> **DATA SECTION**:
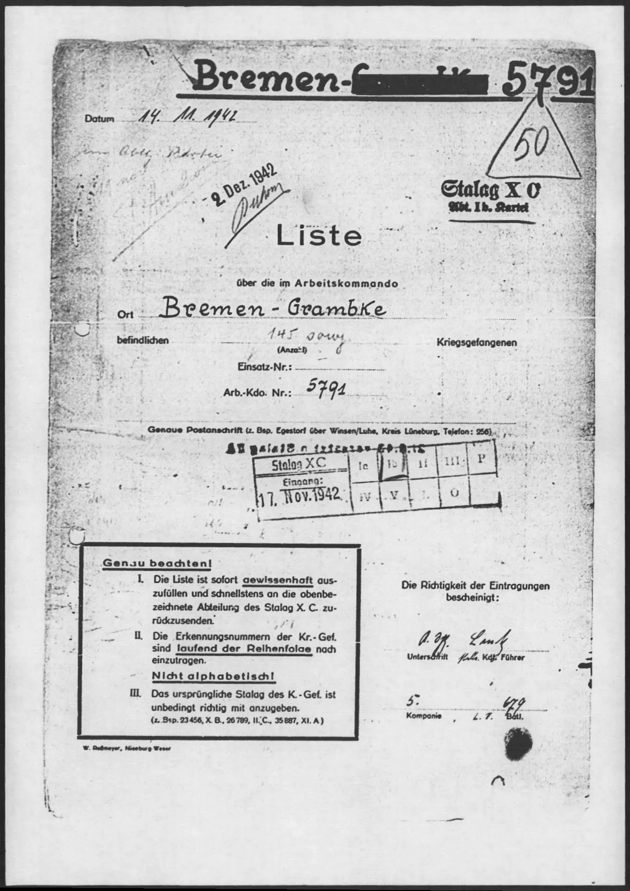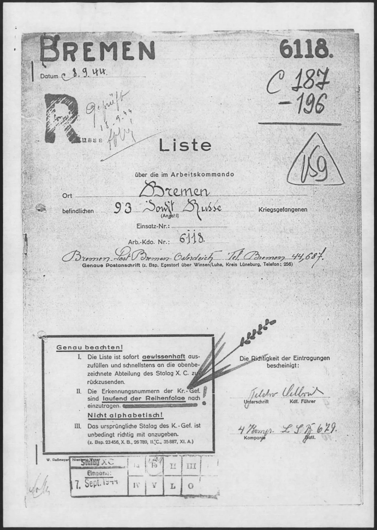 1) 118950/XB *Abgangsliste 131 Stalag XC Nienburg
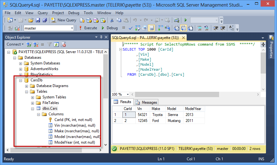 If you open SQL Management Studio you will see that Entity Framework created the CarsDb database to our model’s specification.
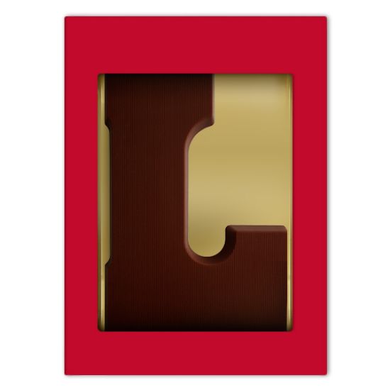 Een chocoladeletter L gemaakt van overheerlijke pure Belgische chocolade. De letter weegt 200 gram en wordt verpakt in een rode geschenkdoos. 100% Vegan!
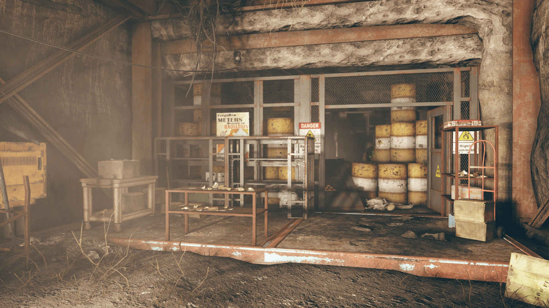 The bunker is hidden behind a completely innocuous map marker, the abandoned waste dump. After entering, the player is deposited inside what seems to be an illegal dump, complete with radioactive waste barrels and security fences. However, there is a conspicuous absence of radiation here. Beyond the doors ripped off their hinges is a small cave network, with a transportation system mounted to the roof of the cave... And deathclaws on the prowl. The Senator set up lures to provide himself with a supply of meat to survive, after he killed the operative in Harper's Ferry and swore off all contact with the outside.
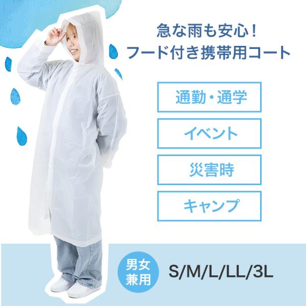 男女兼用 携帯に便利な半透明なレインコート
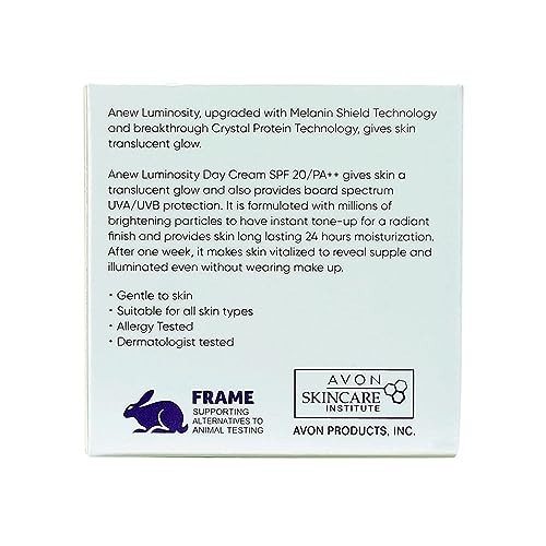 Avon Anew Luminosity Day Cream SPF 20| Melanin Shield Technology + Green Coffee Oil + Niacinamide | Protection from UVA/UVB Rays I Reveal Radiant Skin I 50 g – Fast Shipping to USA & Canada
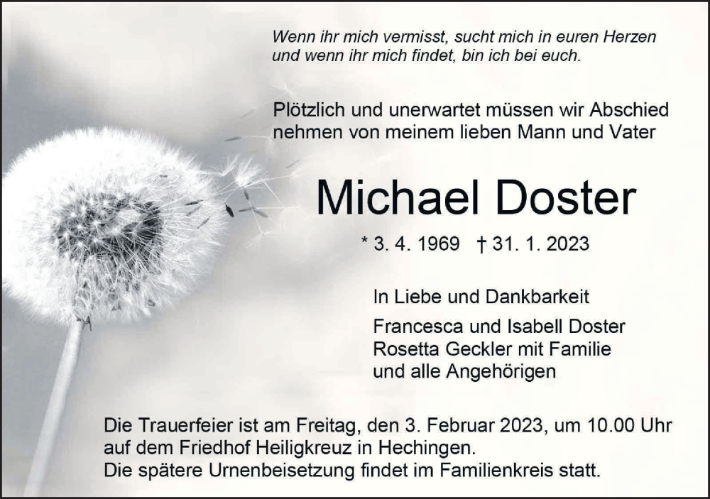 Hier finden Sie alle Traueranzeigen aus der Zeitung, die bisher für Michael Doster erschienen sind. Weitere Traueranzeigen, die in der Zeitung erscheinen, werden hier ebenfalls aufgelistet
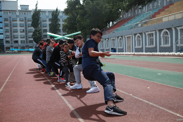 2016级新生在操场主席台下举办了拔河比赛。
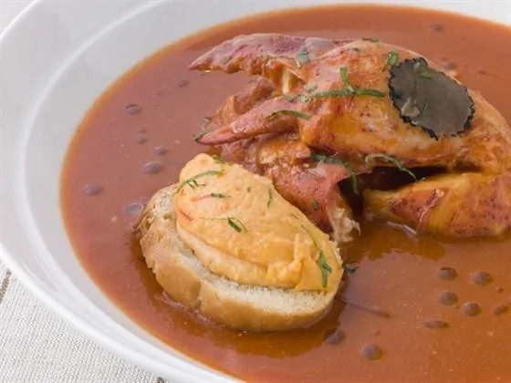 Омары Чеснок Морковь Зеленый лук Стебель сельдерея Цукини Помидоры Пшеничная мука Сливочное масло Петрушка Рыбный бульон Укроп Оливковое масло Коньяк Белое сухое вино Лед Супы Итальянская кухня
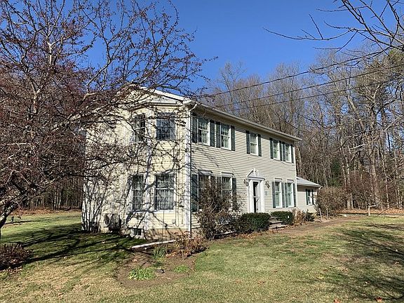 Sitting back off the road, with its long curved driveway, this house looks prominent and inviting. 1992 Colonial with 3 bedrooms and 2.5 bathrooms has the amenities needed for the buyer of today. Large master bedroom on the southern side of the house with walk in closet and private bathroom. Well deserved... Two more good size bedrooms on second floor with common bath and a large laundry closet for second floor convenience. Smart... Open Foyer from front door accesses living room, dining room and second floor hallway. Open Kitchen concept to living room that has back yard access. Outside time... Half bath on the first floor near garage access. Dining room and Sitting/Family room round off the first floor for entertainment and personal enjoyment. The basement is insulated and walls sheet-rocked for more usable space. And the back yard completes this house abutting woods that are protected from development. Roof less than 5 years. Access is North of the Pedestrian Bridge.
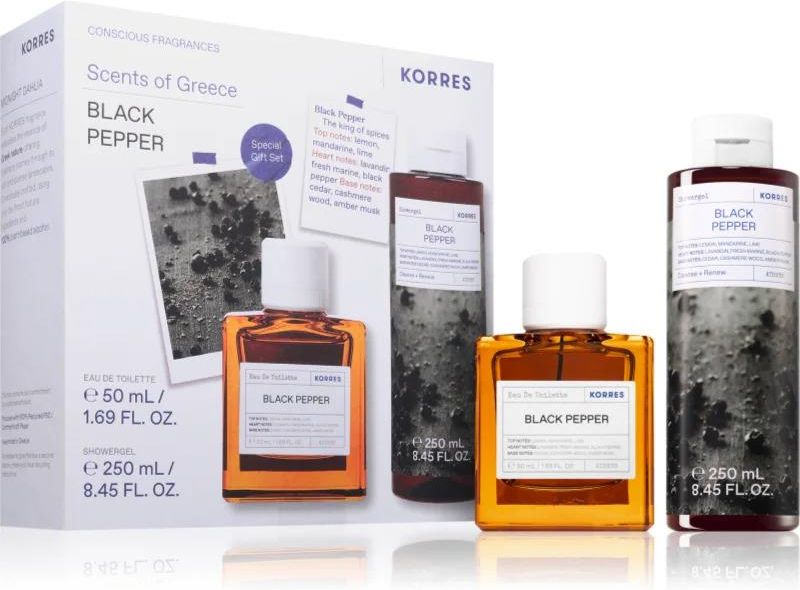 Korres Black Pepper, , Zestawy do ciała dla mężczyzn dla mężczyzn, Luksusowy zapach to zawsze właściwy wybór dla tych, którzy pragną podarować prawdziwe szczęście, a zestaw perfum męskich Korres Black Pepper w pięknym opakowaniu to radość ukryta w wielu flakonikach. Postaw na czar idealnie …
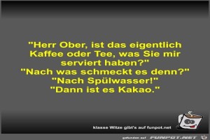 | Herr Ober, ist das eigentlich Kaffee oder Tee, was Sie mir Bild (32.73 KB) 7Lustiges → klasse Sprüche und Witze | Lustiges → klasse Sprüche und Witze | 08.05.22-10:49 | Fossy | |
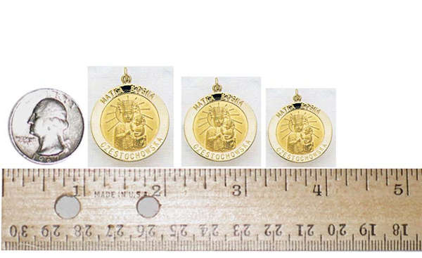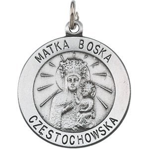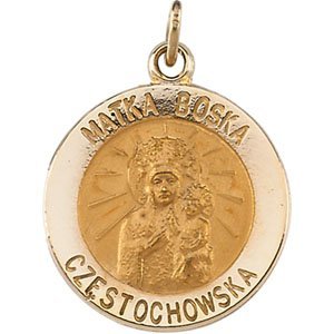 This Solid 14K Gold Matka Boska Medal is the "mother of God" of Chestochowaska " Black Madonna" due to the present darkened appearance of the icon. She is the national heroine of the Polish people.
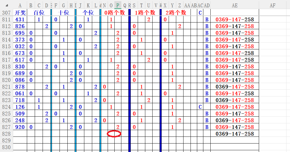 如上图56,012路分析0路出号的概率还是很大,本期可以0路号入手做胆0369中选;看好369胆码
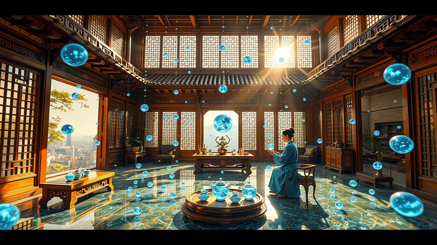 作图提示词:A gravity-defying Lingnan-style courtyard floats 300 meters above Guangzhou’s CBD in 2145 AD, where an AI tea master performs an elaborate kungfu tea ceremony using anti-gravity porcelain. Each falling tea droplet generates miniature holographic nebulas illustrating real-time data of historic Maritime Silk Road trade routes. The scene is bathed in golden afternoon light streaming through lattice windows, with intricate traditional wood carvings contrasting against futuristic transparent floors. Captured in a dramatic low-angle shot at 24mm with deep depth of field (f/11), emphasizing both the architectural grandeur and weightless quality. Color palette combines warm wood tones with cool blue energy accents.
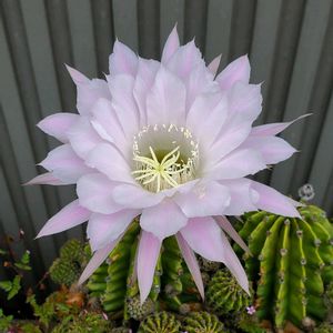 お花の記録🌸 旺盛丸 エキノプシス オキシゴナ🌵 記録的 猛暑の夏のお土産かな🔅🔆 初めて咲いたよ(*´艸`)🌸 嬉しくて再投稿失礼✨ 長ーく伸びた花茎の先に 掌ほどの大きな花が咲いた💖 夜に開いて翌日昼にはしぼむとか…… 思わず沢山撮影しちゃった (´>∀<`)ゝ 毛深い蕾ちゃんは前のpicにupしてます🎶
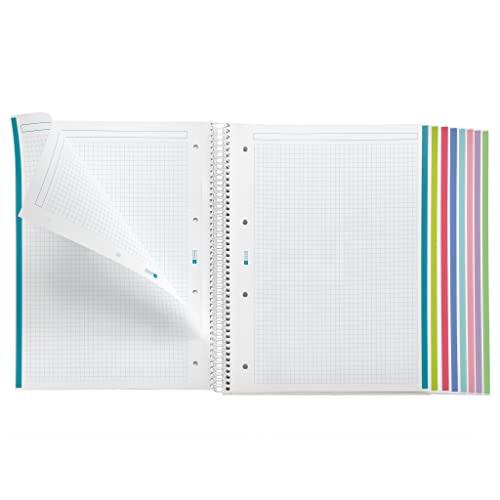 Quaderno di grandi dimensioni A4 (210 x 297 mm) con copertina rigida e quadretti 5 x 5 mm all'interno. Fogli bianchi con lati e interno in 8 colori che permettono una facile divisione per materie o argomenti nello stesso quaderno.
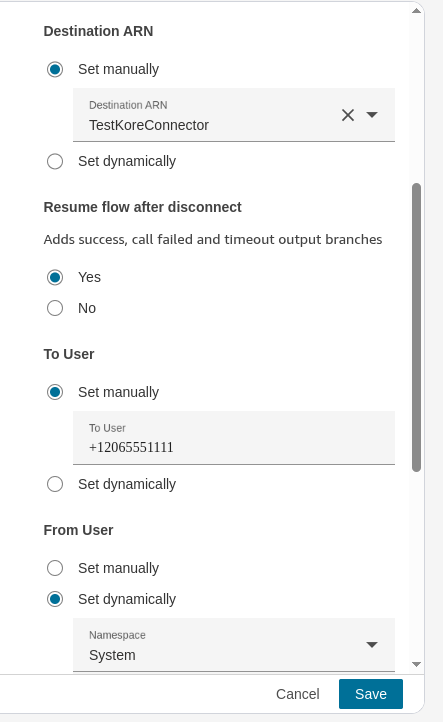 - Enable "Resume flow after disconnect": Set this option to "Yes." This step ensures that after the call ends with the third-party system (Voice Gateway), the call is transferred back to Amazon Connect, facilitating a continuous flow and correlation between Amazon Connect and the Kore system.
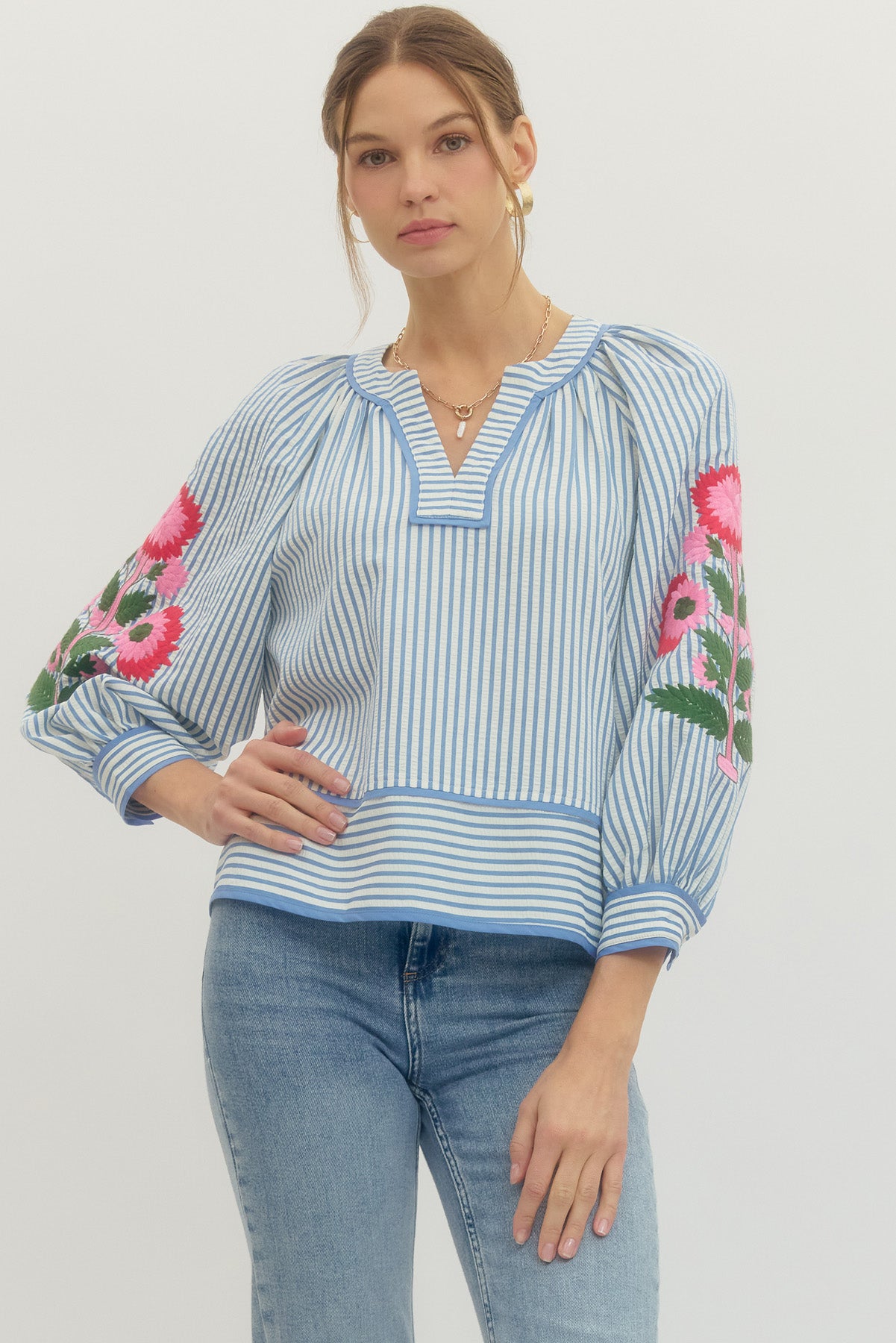 This top is the perfect addition to any wardrobe. The embroidered sleeves gives it that pop of color. Throw on a pair of white denim or your favorite pair of jeans and you will have the perfect outfit.

> **PROBLEM STATEMENT**: Instructions for the listing above: set down every entry exactly and drop any image.

> **EXERCISE SOLUTION**:
 1) 118950/XB *Abgangsliste 131 Stalag XC Nienburg
 If you open SQL Management Studio you will see that Entity Framework created the CarsDb database to our model’s specification.
 Een chocoladeletter L gemaakt van overheerlijke pure Belgische chocolade. De letter weegt 200 gram en wordt verpakt in een rode geschenkdoos. 100% Vegan!
 The bunker is hidden behind a completely innocuous map marker, the abandoned waste dump. After entering, the player is deposited inside what seems to be an illegal dump, complete with radioactive waste barrels and security fences. However, there is a conspicuous absence of radiation here. Beyond the doors ripped off their hinges is a small cave network, with a transportation system mounted to the roof of the cave... And deathclaws on the prowl. The Senator set up lures to provide himself with a supply of meat to survive, after he killed the operative in Harper's Ferry and swore off all contact with the outside.
 男女兼用 携帯に便利な半透明なレインコート
 Avon Anew Luminosity Day Cream SPF 20| Melanin Shield Technology + Green Coffee Oil + Niacinamide | Protection from UVA/UVB Rays I Reveal Radiant Skin I 50 g – Fast Shipping to USA & Canada
 Hier finden Sie alle Traueranzeigen aus der Zeitung, die bisher für Michael Doster erschienen sind. Weitere Traueranzeigen, die in der Zeitung erscheinen, werden hier ebenfalls aufgelistet
 2016级新生在操场主席台下举办了拔河比赛。
 Омары Чеснок Морковь Зеленый лук Стебель сельдерея Цукини Помидоры Пшеничная мука Сливочное масло Петрушка Рыбный бульон Укроп Оливковое масло Коньяк Белое сухое вино Лед Супы Итальянская кухня
 Sitting back off the road, with its long curved driveway, this house looks prominent and inviting. 1992 Colonial with 3 bedrooms and 2.5 bathrooms has the amenities needed for the buyer of today. Large master bedroom on the southern side of the house with walk in closet and private bathroom. Well deserved... Two more good size bedrooms on second floor with common bath and a large laundry closet for second floor convenience. Smart... Open Foyer from front door accesses living room, dining room and second floor hallway. Open Kitchen concept to living room that has back yard access. Outside time... Half bath on the first floor near garage access. Dining room and Sitting/Family room round off the first floor for entertainment and personal enjoyment. The basement is insulated and walls sheet-rocked for more usable space. And the back yard completes this house abutting woods that are protected from development. Roof less than 5 years. Access is North of the Pedestrian Bridge.
 Korres Black Pepper, , Zestawy do ciała dla mężczyzn dla mężczyzn, Luksusowy zapach to zawsze właściwy wybór dla tych, którzy pragną podarować prawdziwe szczęście, a zestaw perfum męskich Korres Black Pepper w pięknym opakowaniu to radość ukryta w wielu flakonikach. Postaw na czar idealnie …
 | Herr Ober, ist das eigentlich Kaffee oder Tee, was Sie mir Bild (32.73 KB) 7Lustiges → klasse Sprüche und Witze | Lustiges → klasse Sprüche und Witze | 08.05.22-10:49 | Fossy | |
 This Solid 14K Gold Matka Boska Medal is the "mother of God" of Chestochowaska " Black Madonna" due to the present darkened appearance of the icon. She is the national heroine of the Polish people.
 如上图56,012路分析0路出号的概率还是很大,本期可以0路号入手做胆0369中选;看好369胆码
 作图提示词:A gravity-defying Lingnan-style courtyard floats 300 meters above Guangzhou’s CBD in 2145 AD, where an AI tea master performs an elaborate kungfu tea ceremony using anti-gravity porcelain. Each falling tea droplet generates miniature holographic nebulas illustrating real-time data of historic Maritime Silk Road trade routes. The scene is bathed in golden afternoon light streaming through lattice windows, with intricate traditional wood carvings contrasting against futuristic transparent floors. Captured in a dramatic low-angle shot at 24mm with deep depth of field (f/11), emphasizing both the architectural grandeur and weightless quality. Color palette combines warm wood tones with cool blue energy accents.
 お花の記録🌸 旺盛丸 エキノプシス オキシゴナ🌵 記録的 猛暑の夏のお土産かな🔅🔆 初めて咲いたよ(*´艸`)🌸 嬉しくて再投稿失礼✨ 長ーく伸びた花茎の先に 掌ほどの大きな花が咲いた💖 夜に開いて翌日昼にはしぼむとか…… 思わず沢山撮影しちゃった (´>∀<`)ゝ 毛深い蕾ちゃんは前のpicにupしてます🎶
 Quaderno di grandi dimensioni A4 (210 x 297 mm) con copertina rigida e quadretti 5 x 5 mm all'interno. Fogli bianchi con lati e interno in 8 colori che permettono una facile divisione per materie o argomenti nello stesso quaderno.
 - Enable "Resume flow after disconnect": Set this option to "Yes." This step ensures that after the call ends with the third-party system (Voice Gateway), the call is transferred back to Amazon Connect, facilitating a continuous flow and correlation between Amazon Connect and the Kore system.
 This top is the perfect addition to any wardrobe. The embroidered sleeves gives it that pop of color. Throw on a pair of white denim or your favorite pair of jeans and you will have the perfect outfit.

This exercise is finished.